There, it looks up the requested token in the "Tokens" view and, if present, returns a record indicating that token and the user it was created for. The latter is then returned by the above Domino-custom GoogleAccountTokenHandler as the authoritative validated user. In turn, the JEE NotesDirectoryIdentityStore considers the credential validation successful and returns it back to the auth mechanism. Finally, the TokenAuthentication up there sees the successful validation and notifies the container about the user that the token mapped to.

Summary

So that turned into something of a long walk at the end there, but the result is really neat: as far as my app is concerned, the "GoogleLogin" tokens - as looked up in an NSF - are just as good as username/password authentication. Anything that calls httpServletRequest.getUserPrincipal() will see the username from the token, and I also use this result to spawn the Domino session object for each request.

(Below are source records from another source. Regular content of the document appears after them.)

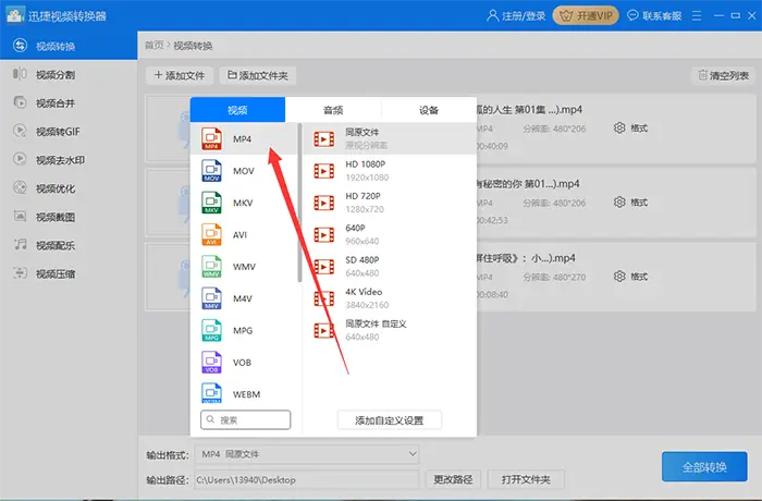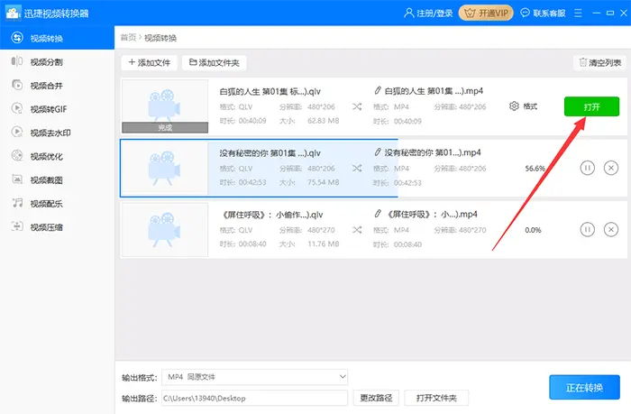 6、最后都设置完成后就可以点击软件中的全部转换,然后再等待软件把转换的进度条走到100%,那么就可以在保存视频的位置(例如桌面上)看到转换成功的mp4视频文件了。点击打开也能找到。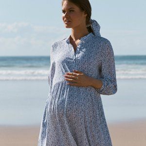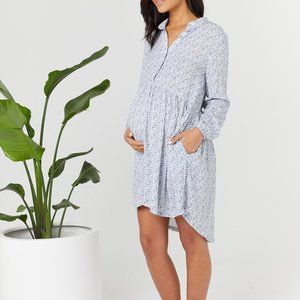 Embrace comfort and style with this beautiful floral maternity dress. Perfect for any occasion, this blue dress offers a relaxed fit and elegant design.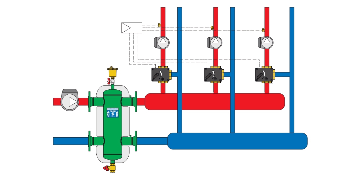Le valvole miscelatrici trovano applicazione negli impianti in cui è richiesta la regolazione della temperatura. Lo schema di installa- zione tipico è quello del “circuito di miscelazione”, tramite il quale viene controllata la gestione del grado di apertura della valvola miscelatrice (figura 4). In questo modo, infatti, il flusso in mandata può essere opportunamente miscelato con quello di ritorno. La pompa del circuito utenza preleva direttamente la portata dal circuito primario.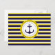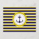 Cartão Postal Design de Âncora Marinho Náutico Azul Estrias Ama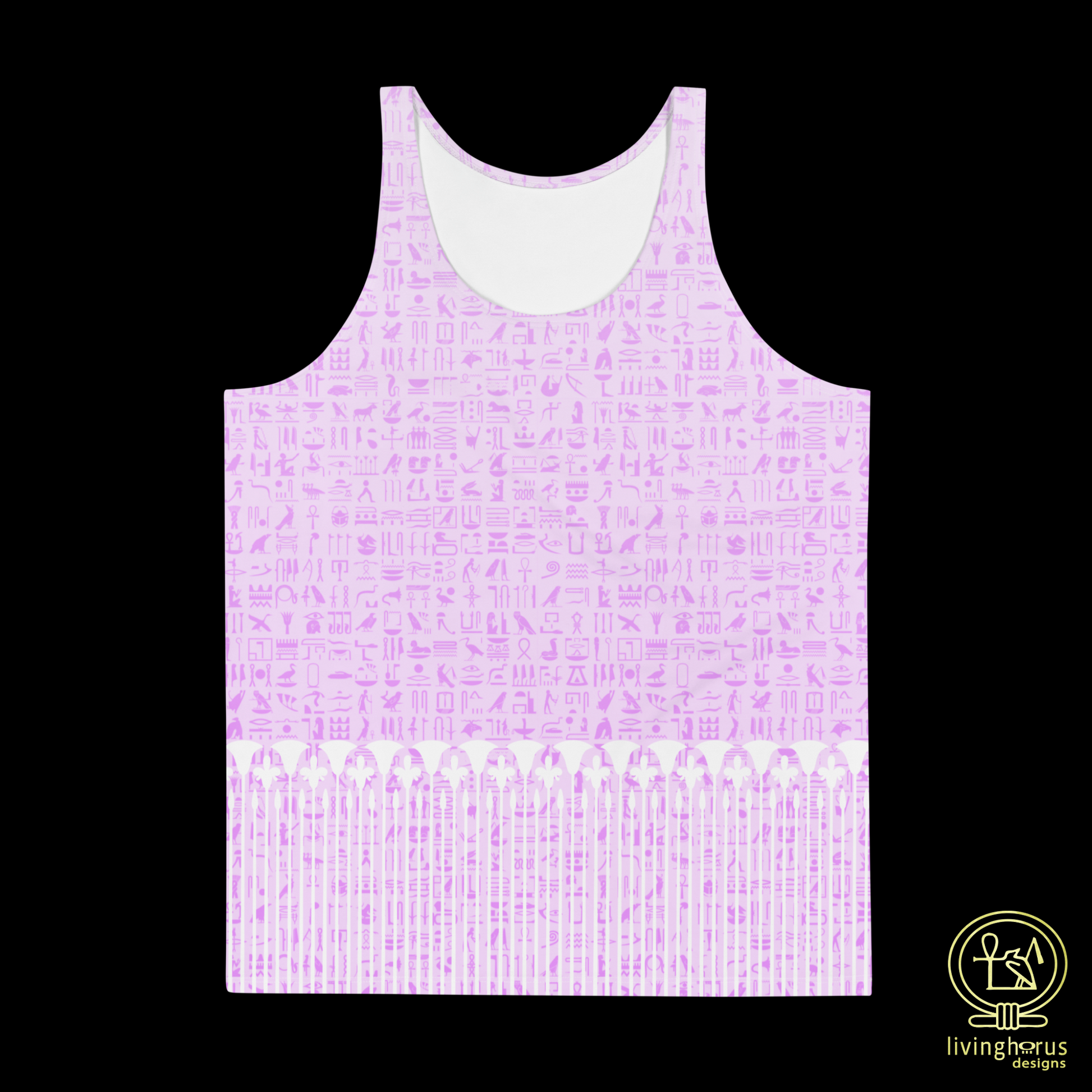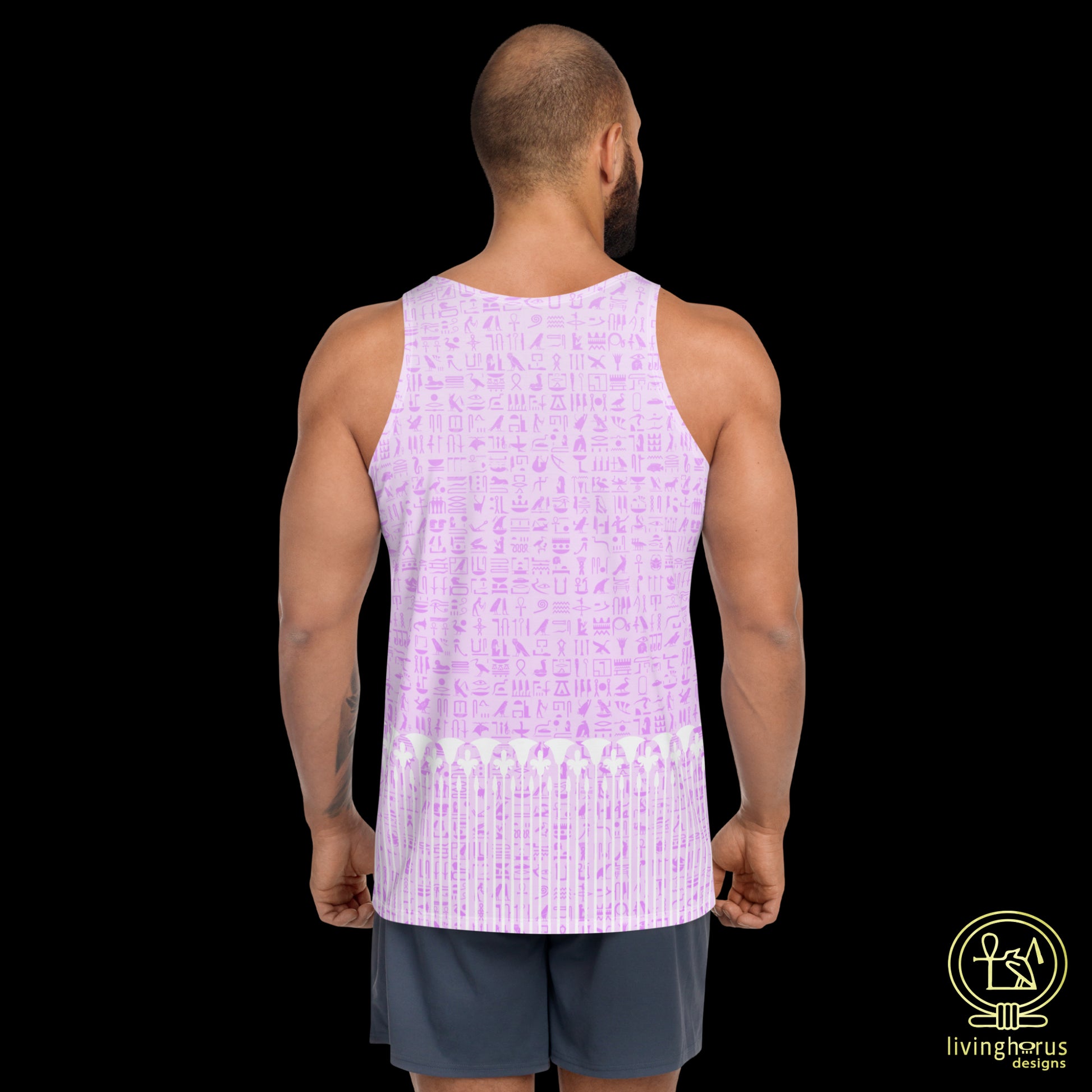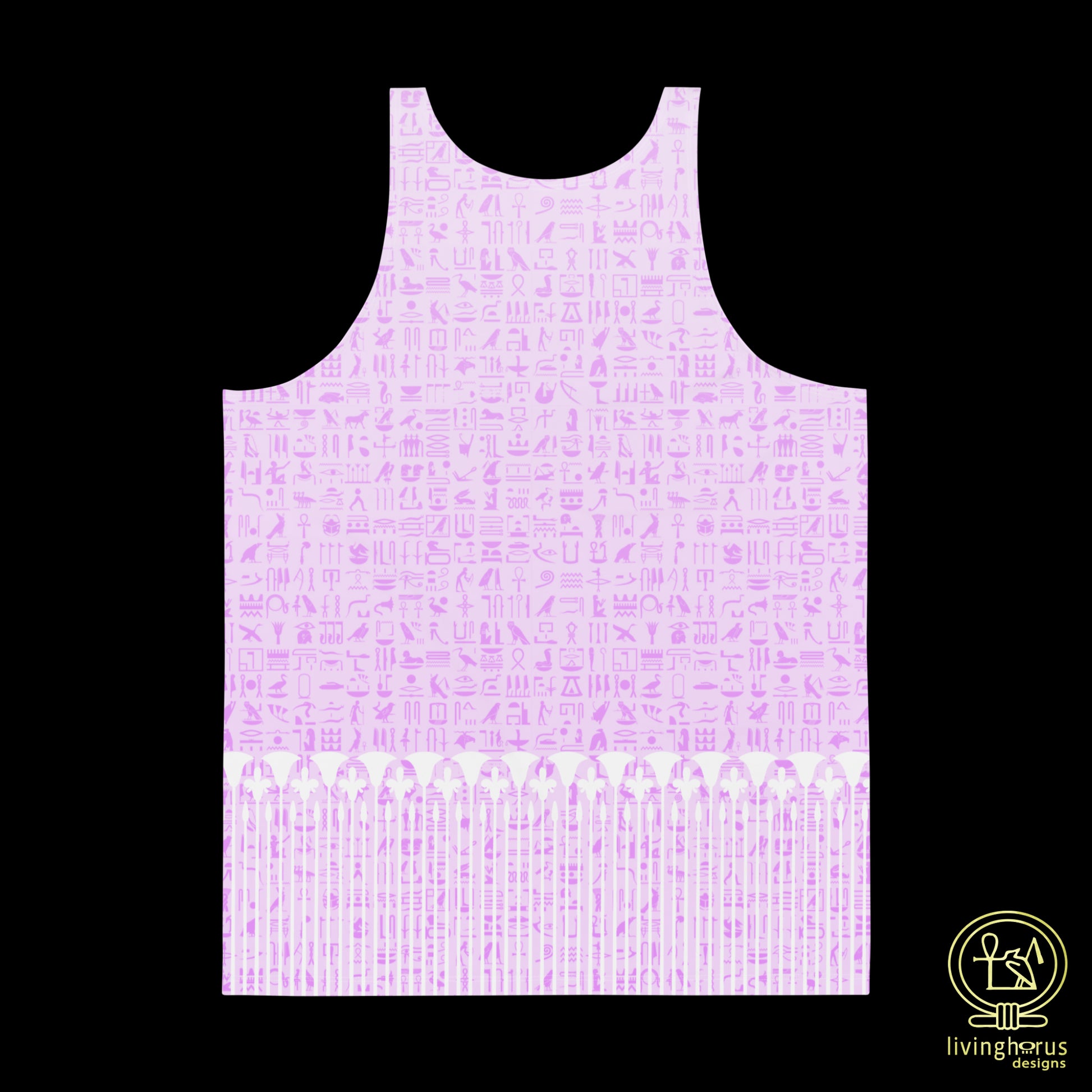 Embrace the mystique of the Language of the Gods, ancient Egyptian Hieroglyphics with this Living Horus Designs Pink Hieroglyph, Lotus Motif Tank Top. This unisex tank top offers comfort and style, making it a must-have addition to your wardrobe for an effortlessly chic look this summer. This tank top has everything you could possibly need – vibrant colours, soft material, and a relaxed fit that will make you look fabulous!

Once all these pieces are in place, none of the rest of the app has to have any knowledge of it at all. When I implement the API to return the actual RSS feed entries, I'll be able to just use the current user, knowing that it's guaranteed to be properly handled by the rest of the system beforehand.

Bonus: Java 16

This last bit isn't really related to the above, but I just want to gush a bit about newer techs. My plan is to deploy this app using my Open Liberty Runtime, which means I can use any Open Liberty and Java version I want. Java 16 came out recently, so I figured I'd give that a shot. Though I don't think Liberty is officially supported on it yet, it's worked out just fine for my needs so far.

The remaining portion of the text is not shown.